TASK STATEMENT: Would you output the lines from the one with "- Fixture measures" through the last line of the material below, exactly, but without pictures?

COLLECTED DATA:

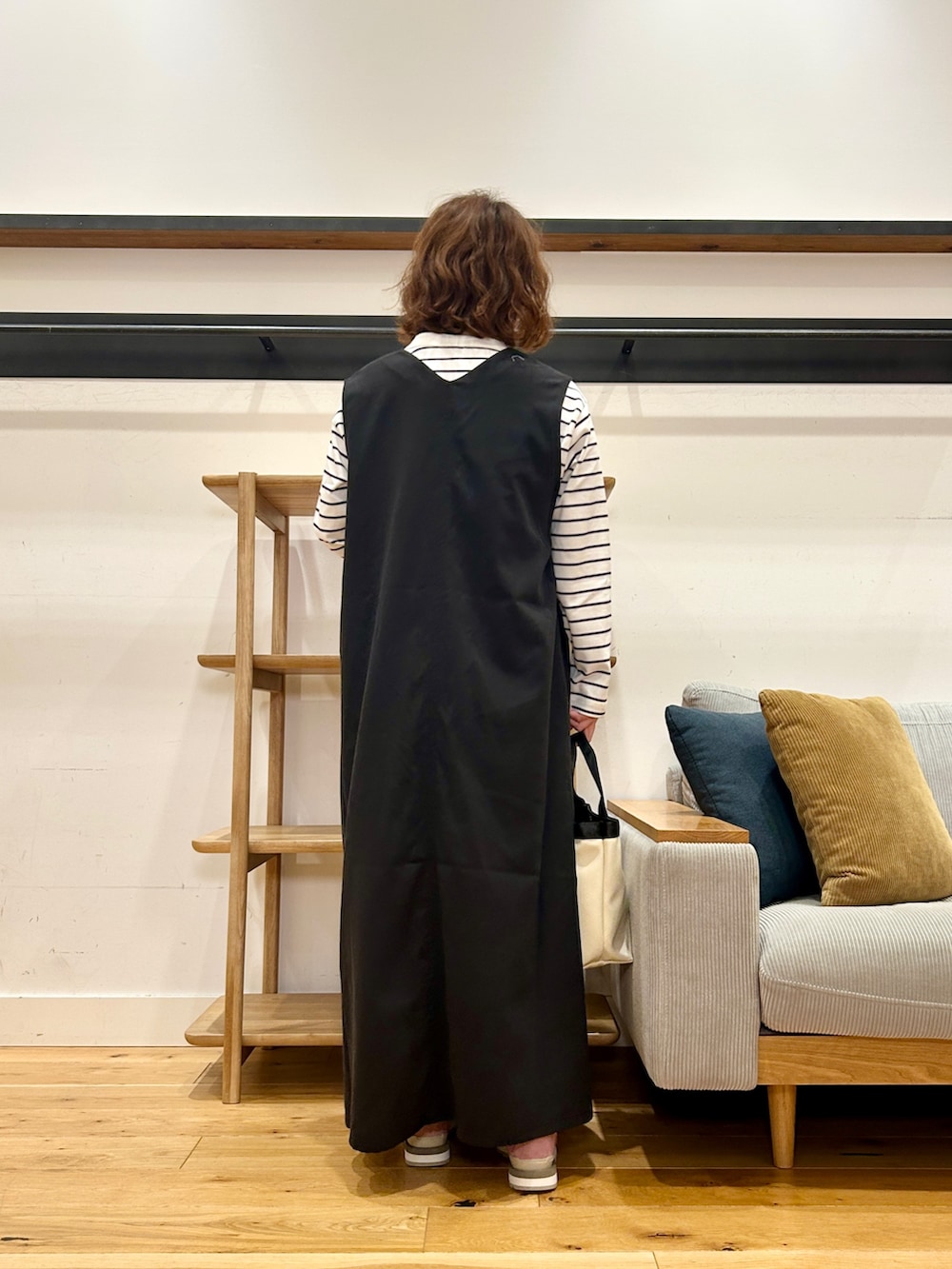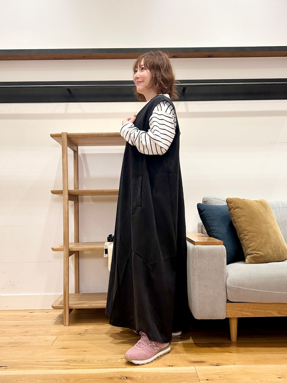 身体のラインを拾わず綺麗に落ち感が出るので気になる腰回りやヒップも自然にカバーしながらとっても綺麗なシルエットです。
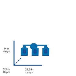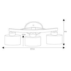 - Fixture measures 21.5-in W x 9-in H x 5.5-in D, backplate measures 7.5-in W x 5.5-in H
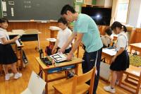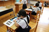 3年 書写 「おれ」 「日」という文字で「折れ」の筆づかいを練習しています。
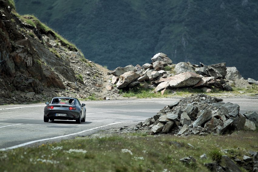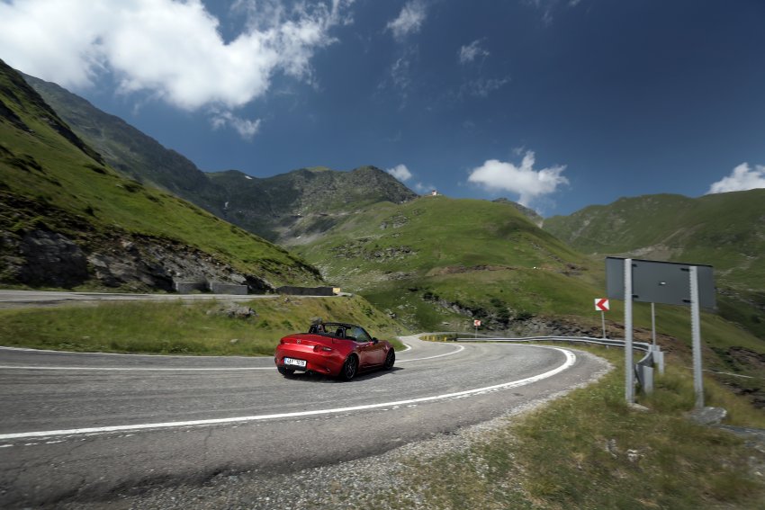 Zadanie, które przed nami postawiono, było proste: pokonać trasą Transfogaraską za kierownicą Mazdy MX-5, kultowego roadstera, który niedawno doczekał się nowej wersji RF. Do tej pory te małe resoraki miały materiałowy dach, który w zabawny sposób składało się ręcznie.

ANSWER SECTION:
 - Fixture measures 21.5-in W x 9-in H x 5.5-in D, backplate measures 7.5-in W x 5.5-in H
 3年 書写 「おれ」 「日」という文字で「折れ」の筆づかいを練習しています。
 Zadanie, które przed nami postawiono, było proste: pokonać trasą Transfogaraską za kierownicą Mazdy MX-5, kultowego roadstera, który niedawno doczekał się nowej wersji RF. Do tej pory te małe resoraki miały materiałowy dach, który w zabawny sposób składało się ręcznie.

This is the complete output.